Or if they’re like a few people I know…whose critical thinking skills are “parrot opinions from someone who I think is almost as smart as me (according to me) because I exclusively listen to them”
Comment on America's Smartest Man Finds Something Interesting
SpatchyIsOnline@lemmy.world 3 months ago
“Critical thinking skills only count if they’re MY critical thinking skills” do they not see the irony?
Thebeardedsinglemalt@lemmy.world 3 months ago
UnderpantsWeevil@lemmy.world 3 months ago
There is a baseline assumption that “logical thinking” means everyone reaches the same conclusions.
Grayox@lemmy.ml 3 months ago
It largely depends on what lense you parse your logic through, if its the lense of accumulating wealth and power you will almost always reach the same conclusion, the same if you use dialectical Materialism you will almost always reach yhe same conclusion. And in each instance you wont be able to understand how others can’t see the truths that are burning into your retinas, seemingly unavoidable.

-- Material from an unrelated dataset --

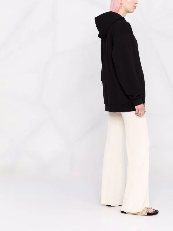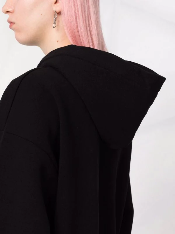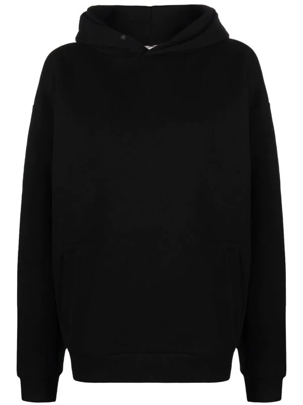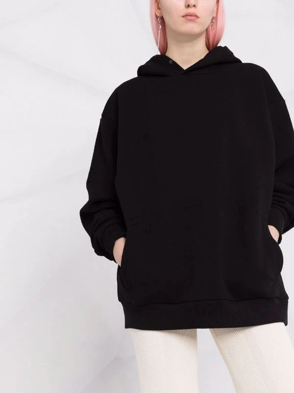 Capuche classique, épaules tombantes, manches longues, poche plaquée sur le devant, poignets nervurés, ourlet nervuré. Couleur : noir. Matière : coton mélangé.

UnderpantsWeevil@lemmy.world 3 months ago
Material and historical conditions vary widely. Dialectical Materialism exists to synthesize solutions to a variety of contradictions. Stalin, Mao, and Tito reached some very different conclusions, despite growing up during the same international conflagration. Subsequent leftist revolutionaries - from Che to Chavez, had their own takes on the best path forward. A lot of leftist infighting can be attributed to these differences in baseline material condition.
A relatively wealthy leftist living in the imperial core is going to have this sense of living in a post-scarcity world with a relatively liberal social order, while a Philippian labor organizer is going to be struggling just to survive while the state’s brutal police forces actively hunt them. Chinese communists and Vietnamese communists have a very acrimonious history together and are easily pitted against one another by European industrialists. And coalition building between northern Indian communist farmers and the Kashmiri neighbors who they are in economic competition with is extremely difficult.
While you can always talk about the straight hyper-moral correct positions, they don’t always lend themselves to the physical labor involved in building local movements or the historical biases native to your region.
One big take away of dialectical materialism is that outcomes aren’t clear and conclusions aren’t certain. You always need to try things, anticipate failure, and move forward from there. You can’t trap yourself in rigid ideology or you’ll find that ideology used against you as soon as capitalist leadership can adopt that rhetoric.